### Information given:
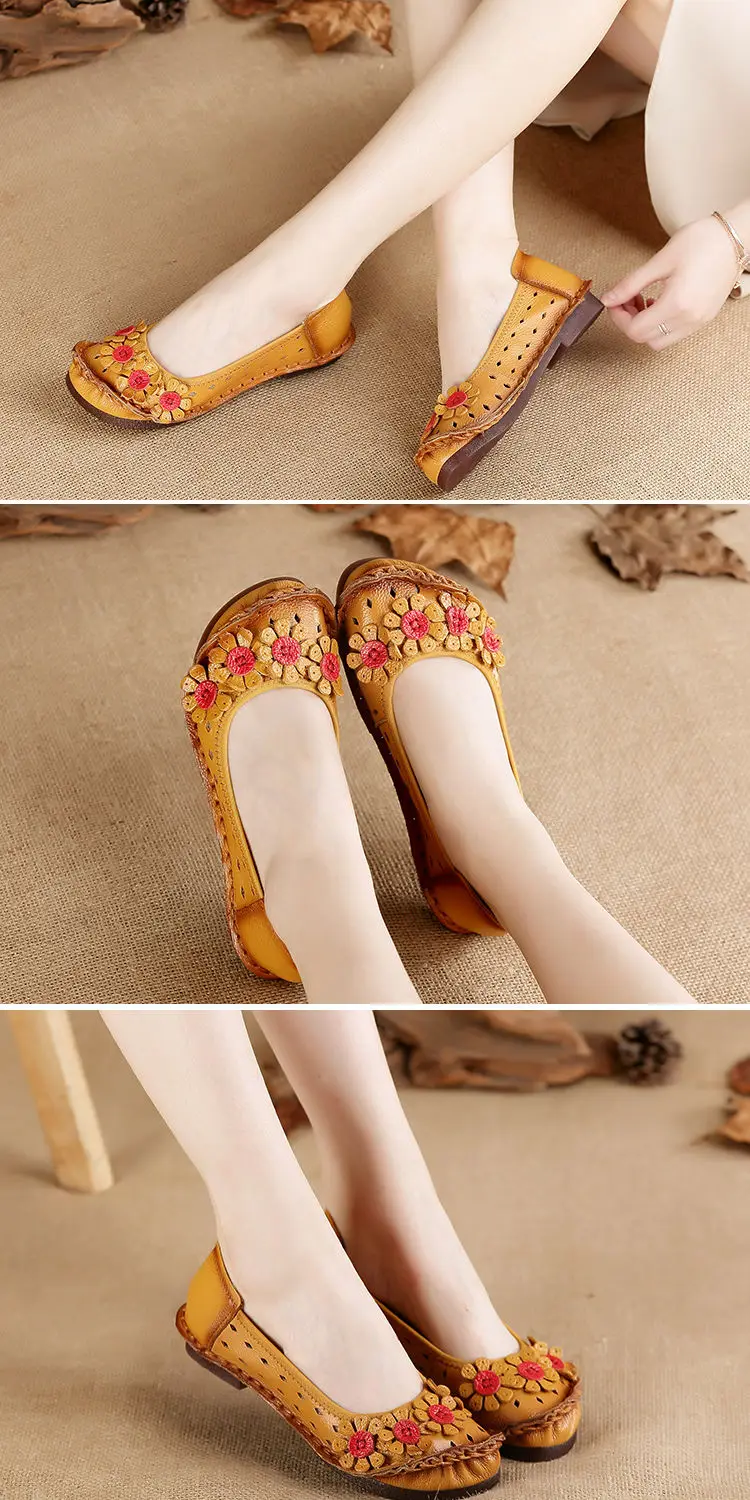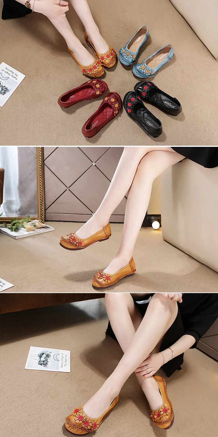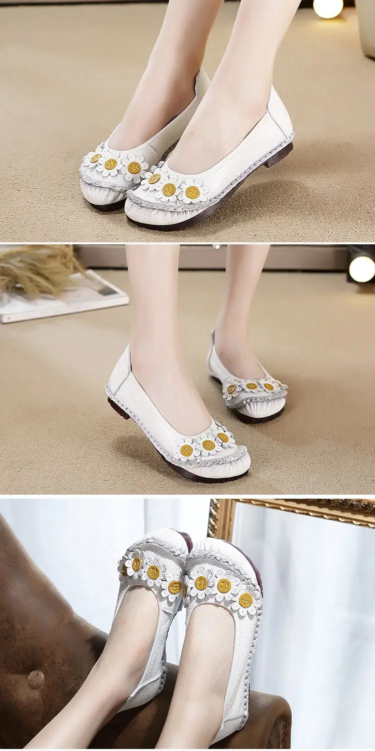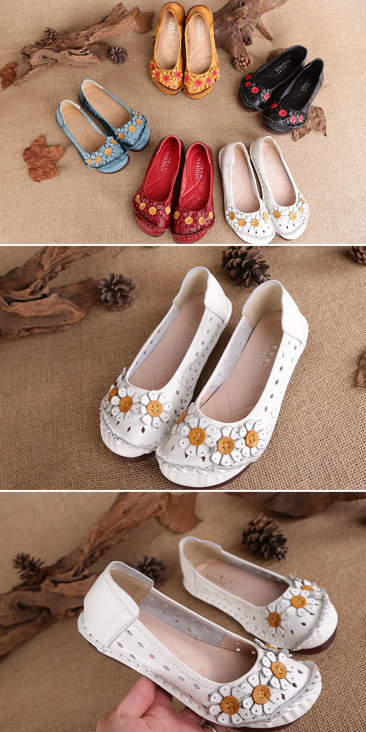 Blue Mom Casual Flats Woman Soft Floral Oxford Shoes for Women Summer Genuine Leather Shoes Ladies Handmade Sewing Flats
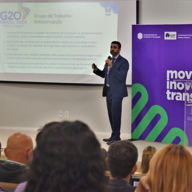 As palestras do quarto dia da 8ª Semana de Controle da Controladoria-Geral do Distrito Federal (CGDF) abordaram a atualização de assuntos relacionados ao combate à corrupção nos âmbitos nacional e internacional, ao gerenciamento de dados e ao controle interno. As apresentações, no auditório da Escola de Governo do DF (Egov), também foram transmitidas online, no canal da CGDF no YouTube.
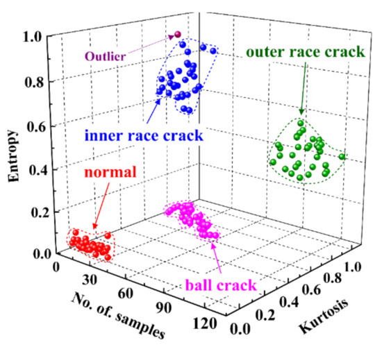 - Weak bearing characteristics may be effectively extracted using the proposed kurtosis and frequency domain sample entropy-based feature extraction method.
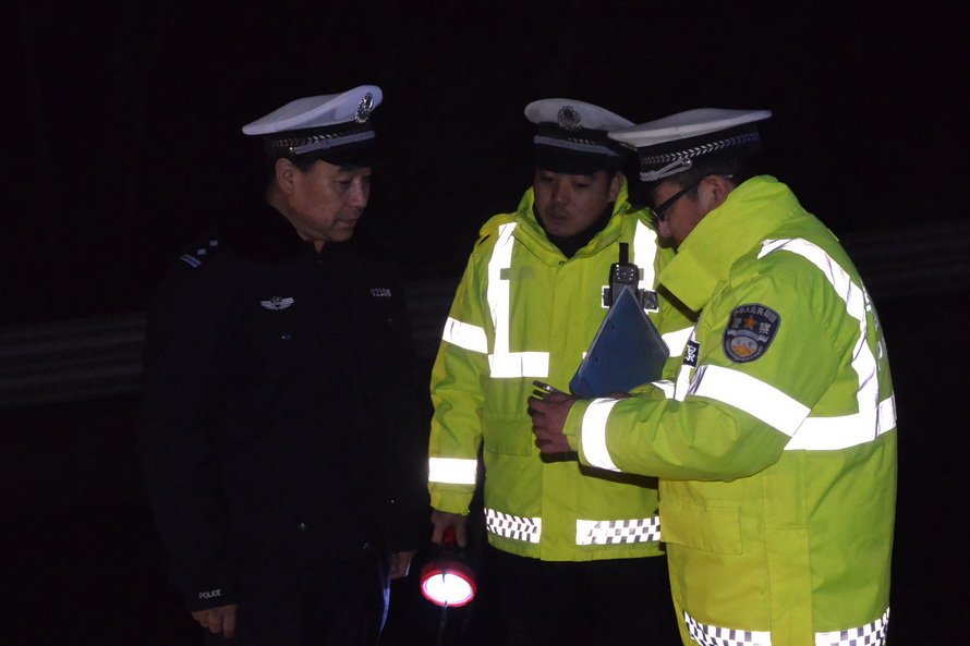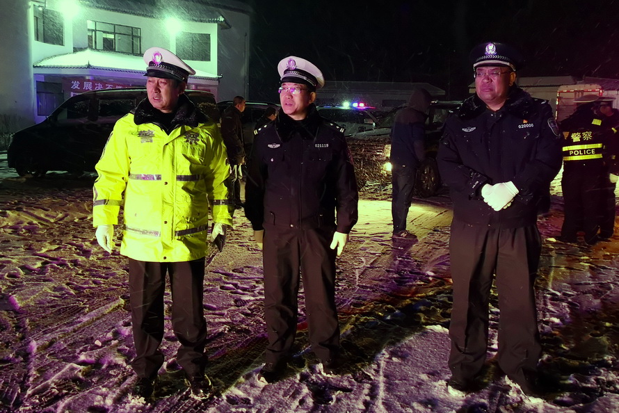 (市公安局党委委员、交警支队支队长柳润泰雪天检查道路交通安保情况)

* * *

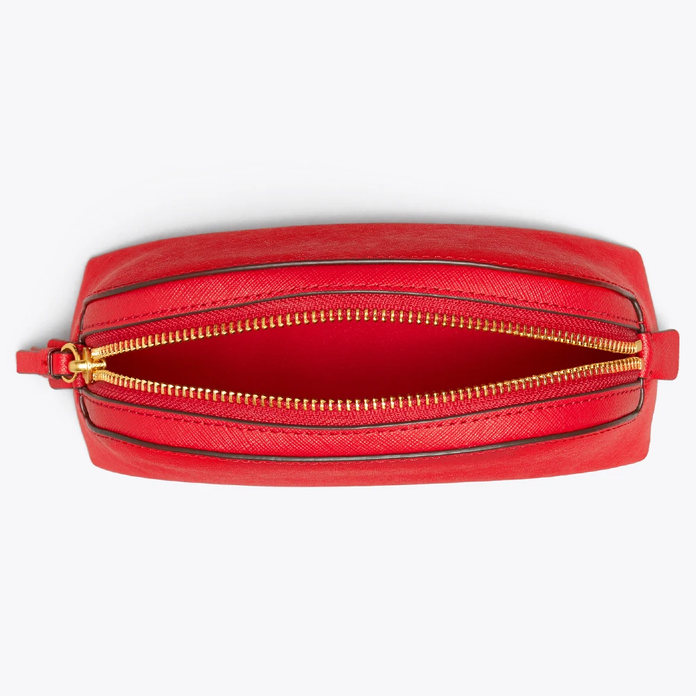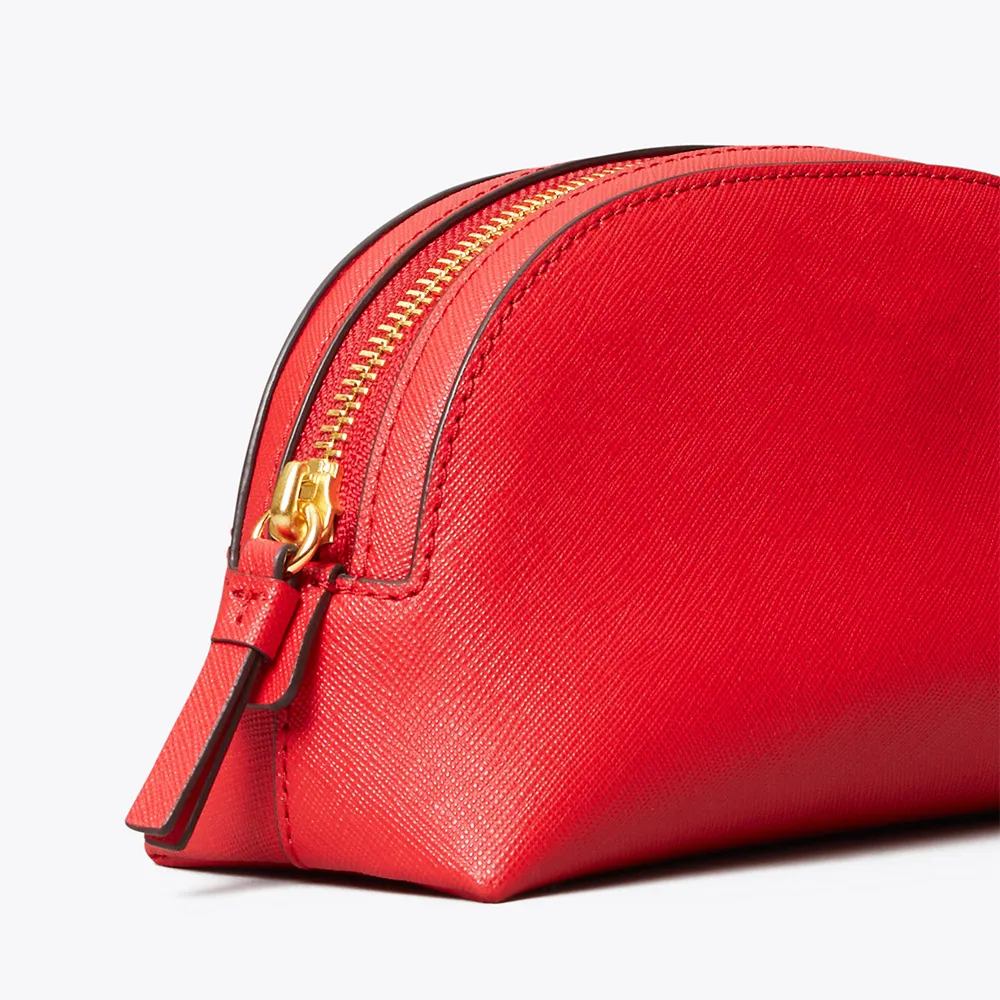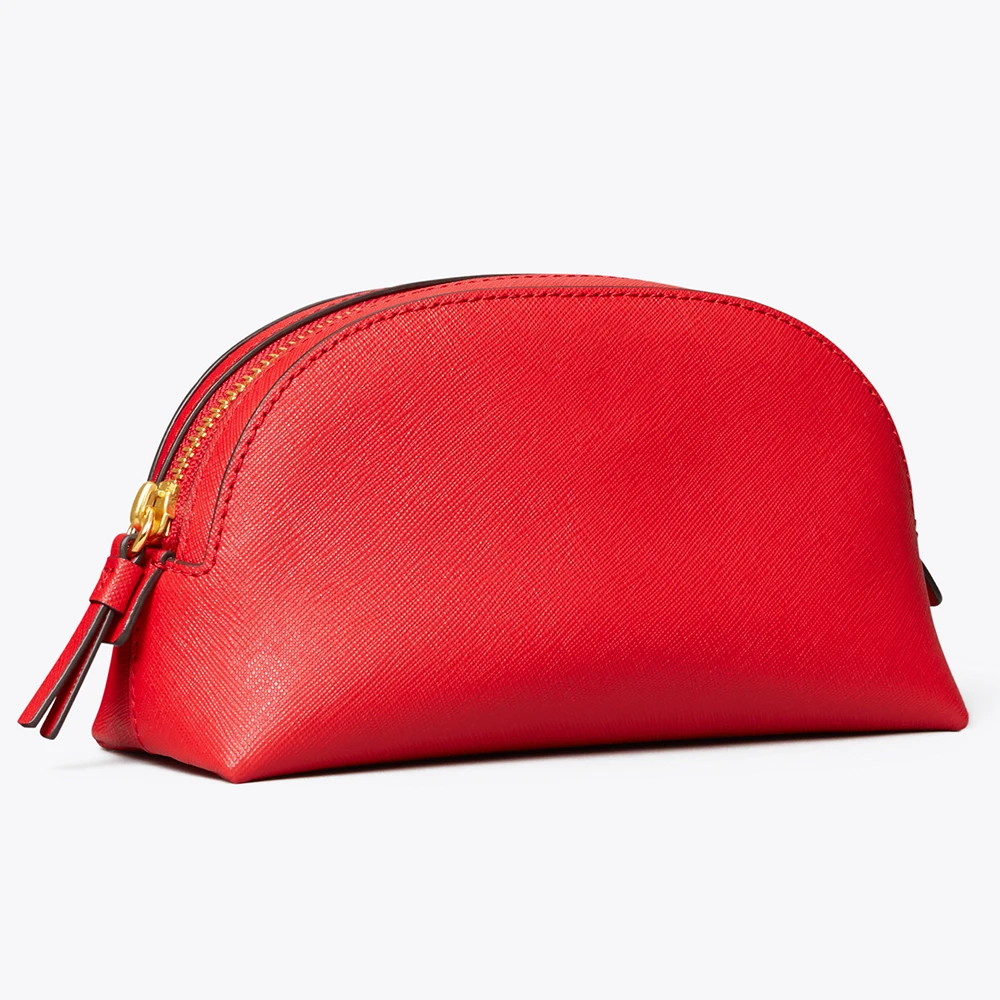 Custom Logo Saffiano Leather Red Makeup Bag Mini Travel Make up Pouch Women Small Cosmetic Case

### The problem:
A verbatim reproduction is expected: starting at the line above that has "As palestras do", ending at the line that has "(市公安局党委委员、交警支队支队长柳润泰雪天检查道路交通安保情况)", both included, and with no pictures and no other lines.

### Task output:
 As palestras do quarto dia da 8ª Semana de Controle da Controladoria-Geral do Distrito Federal (CGDF) abordaram a atualização de assuntos relacionados ao combate à corrupção nos âmbitos nacional e internacional, ao gerenciamento de dados e ao controle interno. As apresentações, no auditório da Escola de Governo do DF (Egov), também foram transmitidas online, no canal da CGDF no YouTube.
 - Weak bearing characteristics may be effectively extracted using the proposed kurtosis and frequency domain sample entropy-based feature extraction method.
 (市公安局党委委员、交警支队支队长柳润泰雪天检查道路交通安保情况)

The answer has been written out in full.